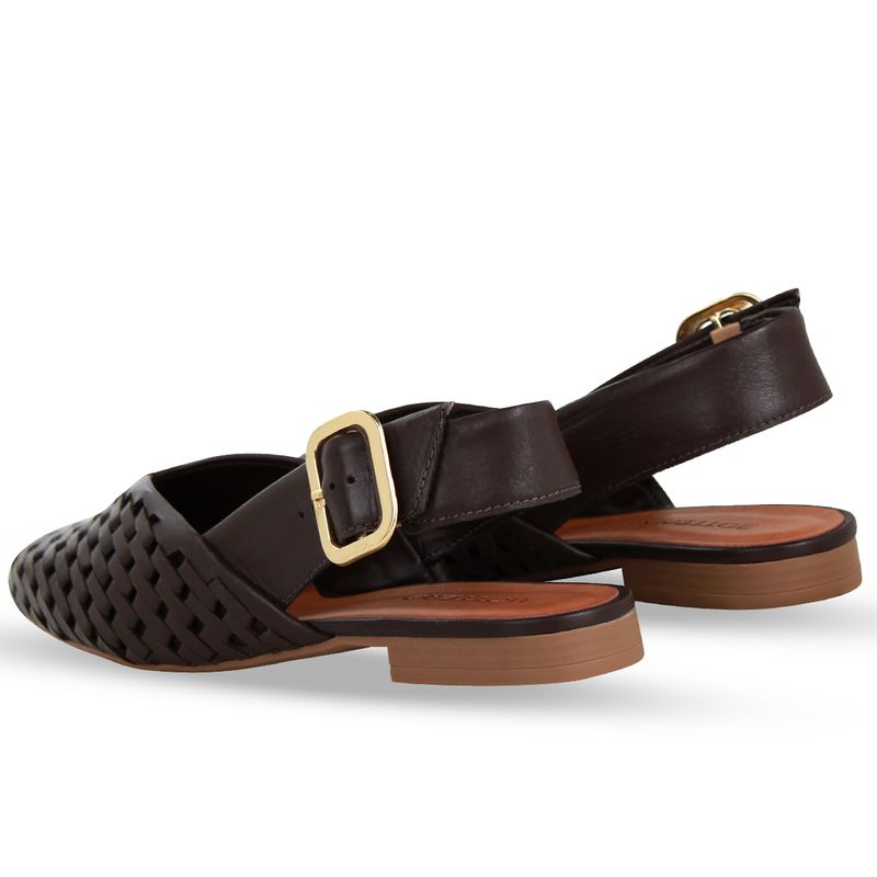 Sapatilha em couro atanado napoli marrom. De salto baixo e bico fino. Possui traseiro aberto com tira ajustável e fivela de metal dourada. Gáspea com material tramado.
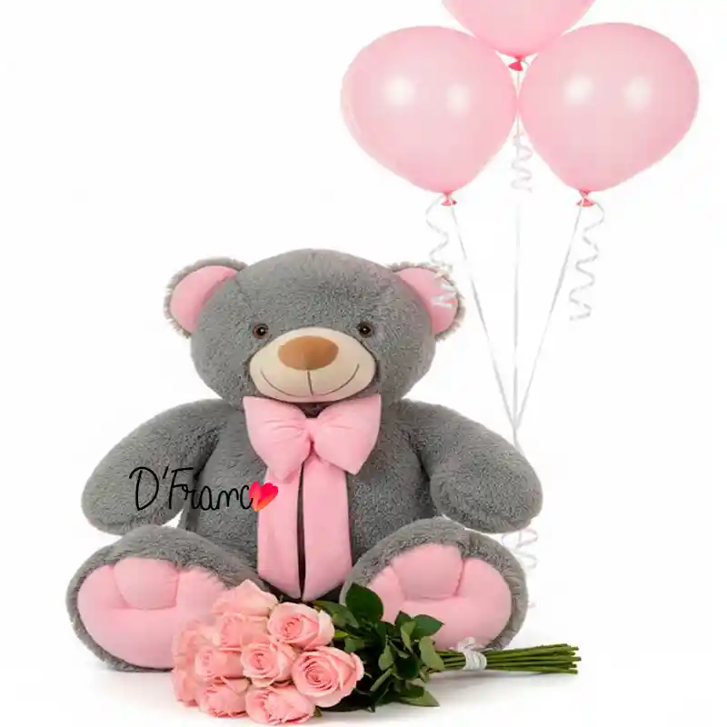 Oso de peluche mide 1 metro, incluye moño de regalo, globos en helio y flores. Deja tu mensaje para la tarjeta
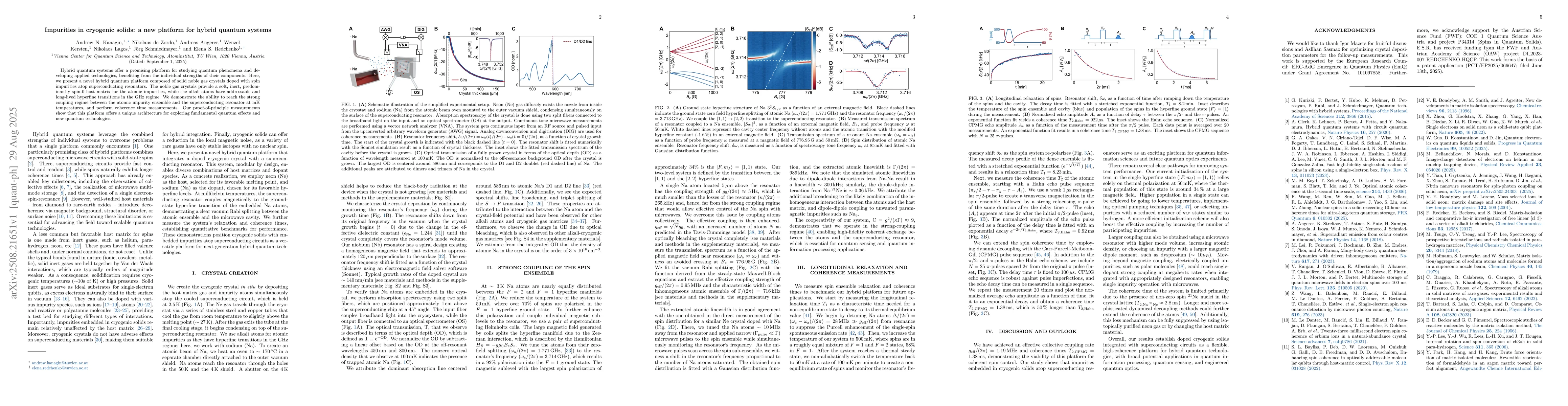 Hybrid quantum systems offer a promising platform for studying quantum phenomena and developing applied technologies, benefiting from the individual strengths of their components. Here, we present a novel hybrid quantum platform composed of solid noble gas crystals doped with spin impurities atop superconducting resonators. The noble gas crystals provide a soft, inert, predominantly spin-0 host matrix for the atomic impurities, while the alkali atoms have addressable and long-lived hyperfine transitions in the GHz regime. We demonstrate the ability to reach the strong coupling regime between the atomic impurity ensemble and the superconducting resonator at mK temperatures, and perform coherence time measurements. Our proof-of-principle measurements show that this platform offers a unique architecture for exploring fundamental quantum effects and new quantum technologies.
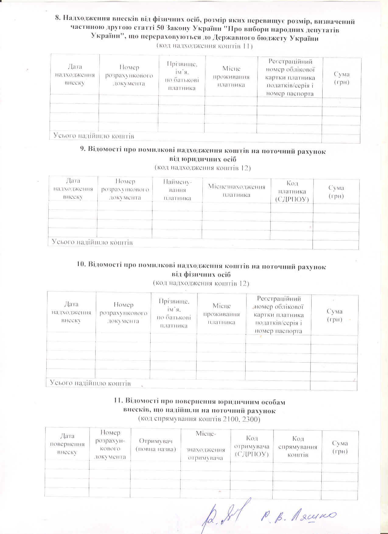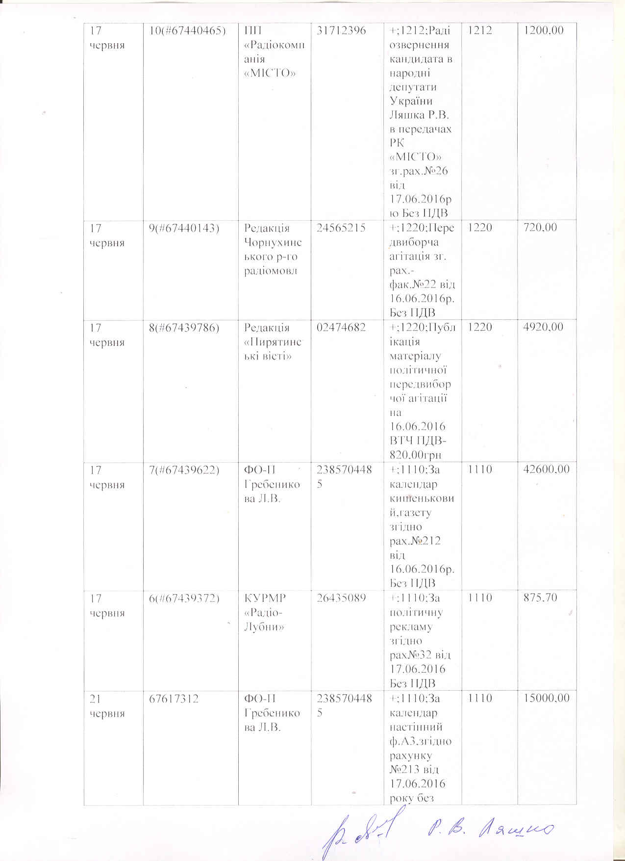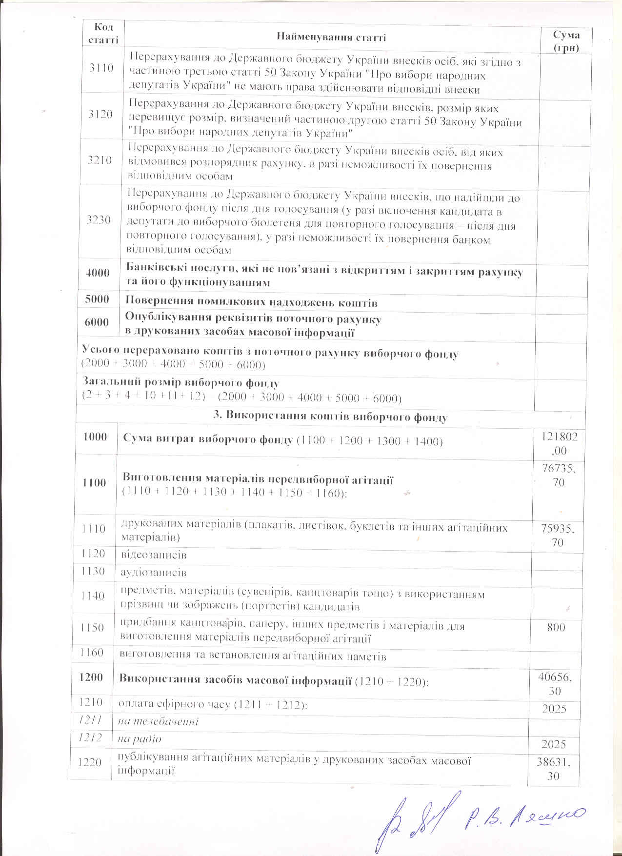 Фінансовий звіт кандидата у народні депутати Руслана Ляшка
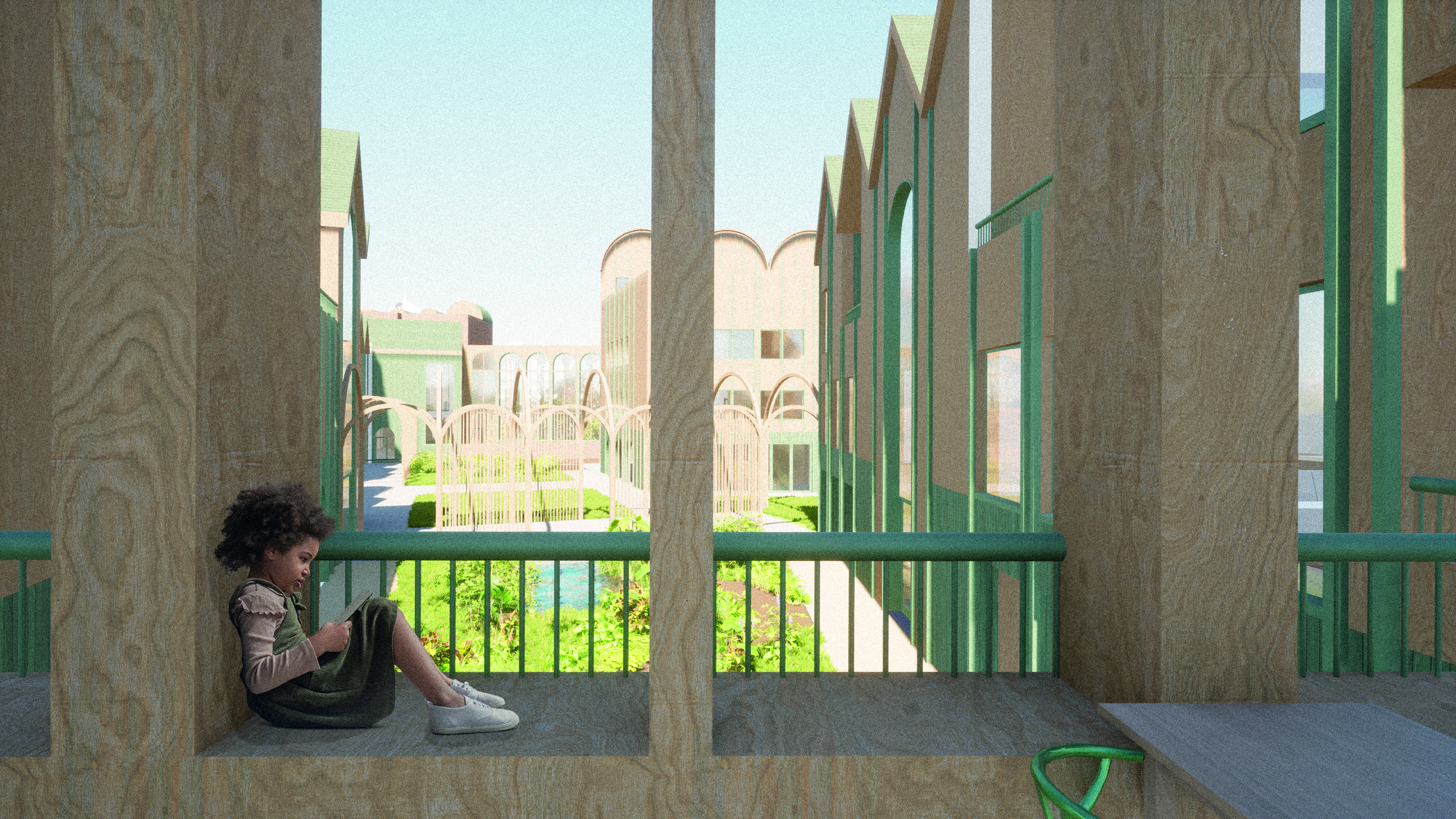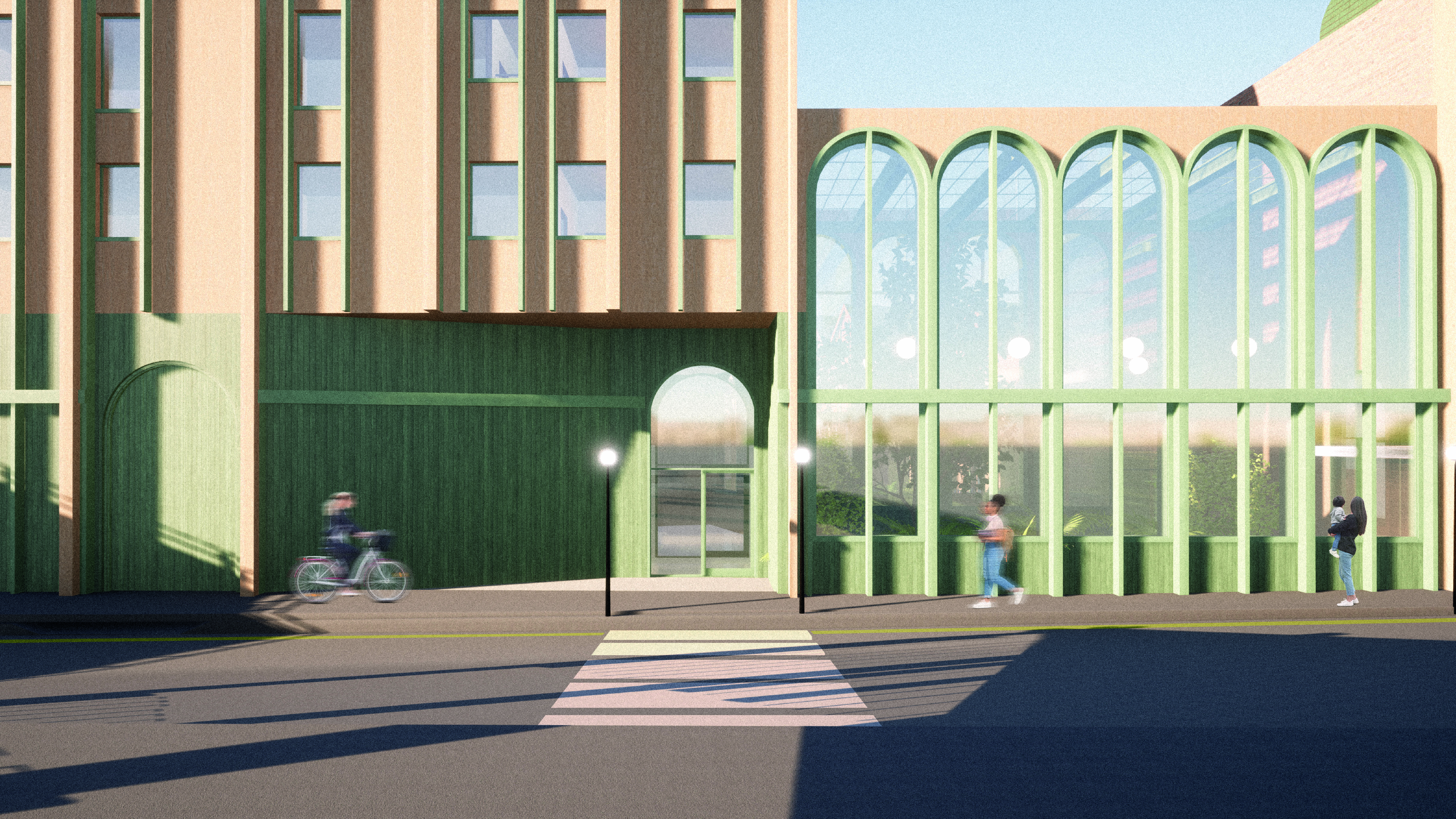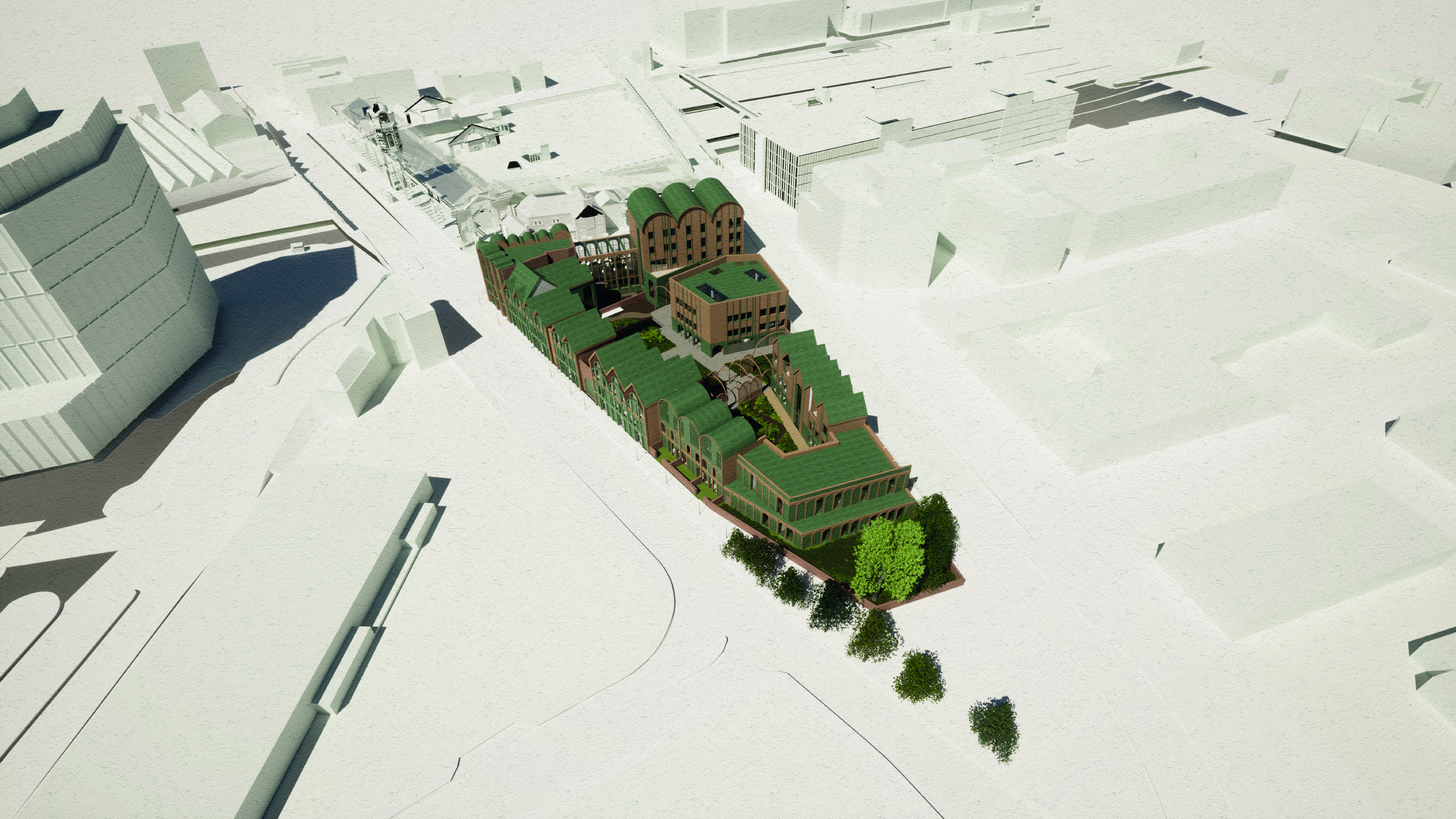 The Architectural form takes reference from Nottingham railway and the previously demolished Arkwright Station showing the arch transposed throughout the site as not only a historic reference but also a symbol of strength and support. The diversification supports a sustainable living model for the residents and promotes new opportunity to the wider community via the active edges, encouraging engagement with the site.

......

# [Exercise]
From the line that includes "Oso de peluche" on down to the last line of the entries above, set down each line exactly, leaving out the pictures.

# [Exercise output]
 Oso de peluche mide 1 metro, incluye moño de regalo, globos en helio y flores. Deja tu mensaje para la tarjeta
 Hybrid quantum systems offer a promising platform for studying quantum phenomena and developing applied technologies, benefiting from the individual strengths of their components. Here, we present a novel hybrid quantum platform composed of solid noble gas crystals doped with spin impurities atop superconducting resonators. The noble gas crystals provide a soft, inert, predominantly spin-0 host matrix for the atomic impurities, while the alkali atoms have addressable and long-lived hyperfine transitions in the GHz regime. We demonstrate the ability to reach the strong coupling regime between the atomic impurity ensemble and the superconducting resonator at mK temperatures, and perform coherence time measurements. Our proof-of-principle measurements show that this platform offers a unique architecture for exploring fundamental quantum effects and new quantum technologies.
 Фінансовий звіт кандидата у народні депутати Руслана Ляшка
 The Architectural form takes reference from Nottingham railway and the previously demolished Arkwright Station showing the arch transposed throughout the site as not only a historic reference but also a symbol of strength and support. The diversification supports a sustainable living model for the residents and promotes new opportunity to the wider community via the active edges, encouraging engagement with the site.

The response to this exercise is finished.